Gov. Walker, lawmakers unveil property tax cut
Updated On: Oct 10 2013 08:32:46 PM CDT
Gov. Scott Walker is proposing a $100 million property tax cut.
Walker has called a special session for the Legislature to consider the idea next week. Walker announced the plan Thursday. He was joined by Assembly Speaker Robin Vos and Sen. Alberta Darling.
Walker said wants the proposal approved by early November so the tax cut would be effective this year.
Assembly Speaker Robin Vos said he hopes to take up the bill by next week and enacted by next weekend. The bill would be introduced Friday, according to Vos.
Walker said the tax cut would come from higher than anticipated state tax collections.
“We’re proud to take the surplus that was generated through a strong economy, through more jobs and opportunity, through prudent management of the resources the taxpayers have indebted us and putting it all into one place where we can provide significant property tax relief on this year’s bill,” Walker said.
According to the Legislative Fiscal Bureau, the tax cut would result in a cut of $13 in 2013 and $20 in 2014 for the owner of a median value home.
Republican Senate President Mike Ellis said, "I don't know why anybody would be opposed to this."
Ellis said Walker plans to tap additional state revenue that's come in above projections to offset projected increases in property taxes statewide. Ellis said the effect statewide will be no net property tax increase.
“The more we looked at it and the size of the surplus, we said, “if we’re going to do it, let’s go big and go bold, and have a dramatic impact on the people of this state when they’re paying their property tax bill,” Walker said.

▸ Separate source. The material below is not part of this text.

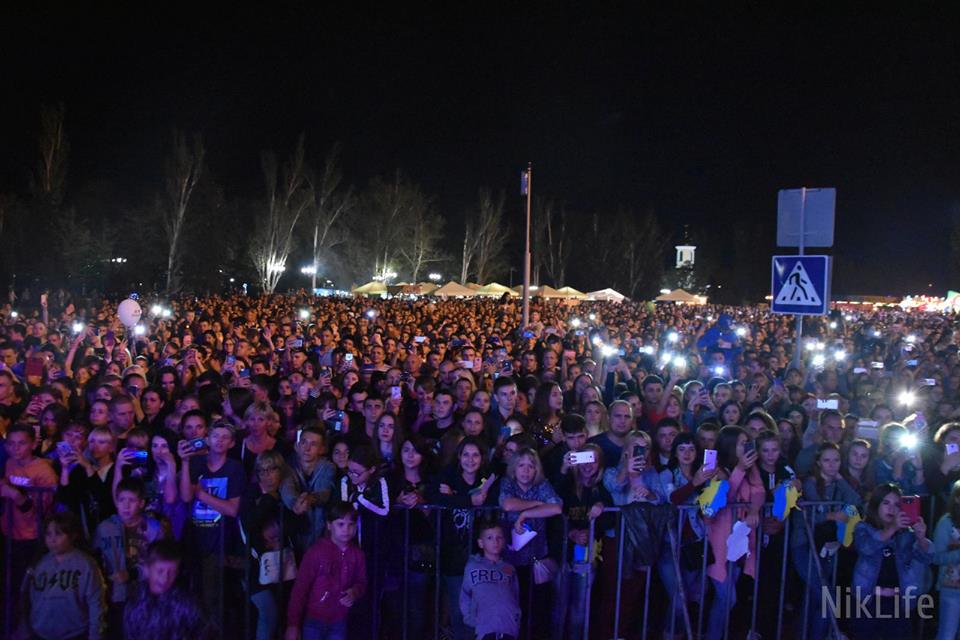 Несколько тысяч николаевцев собрались на площади чтобы оторваться на концерте. В течении всего вечера для них выступали лучшие музыканты и танцоры Николаева. Открывали программу коллектив Николаевского художественного русского драматического театра вмсте с оркестром ВМС Украины, а после танцевальный коллектив Слайс своим коронным номером задал тон следующим выступлениям. Вечерний большой концерт, как и в прошлом году, стал площадкой для выступления николаевских участников «Голоса» – Александры Казаковой и Екатерины Тихоновой. Среди выступающих были также танцоры из коллективов «Каприз», «Пасадена», а вокальными номерами порадовал «Южный патруль» и студенты колледжа культуры. После этого своими ритмами покоряли барабанщики из Rhythmmen drum show, чем вызвали фонтан ярчайших эмоций. К слову, удивляли они не только своим умением чеканить ритм, но и необычными неоновыми костюмами.

Ellis said the last time something was done like this was in 1993.
But Democratic Rep. Sandy Pasch said no Democrats were included in the drafting of the proposal. Walker did not discuss the plan during a meeting on Wednesday with Democratic leaders of the Senate and Assembly.
Pasch told News 3 a tax cut of $33 over two years is insulting to taxpayers when officials are trumpeting big tax cuts.
“Of course, no one wants to pay more in taxes, but I think the devil has to be in the details and what is going to be the outcome long term,” Pasch said. “$33 over two years, I think you’ll have to ask the average taxpayer if that will really have an impact on them.”
Walker is announcing the plan just days after Democrat Mary Burke said she will be challenging him for re-election next year.
Burke was at her first campaign stop in Green Bay Thursday said she needs more information before deciding if the plan is in the state's best interest.
"I'm all in favor of lower taxes and supporting our schools, but I'd have to make sure that it really is doing just that and it is doing it in a way that is fiscally responsible and balancing the budget," Burke said.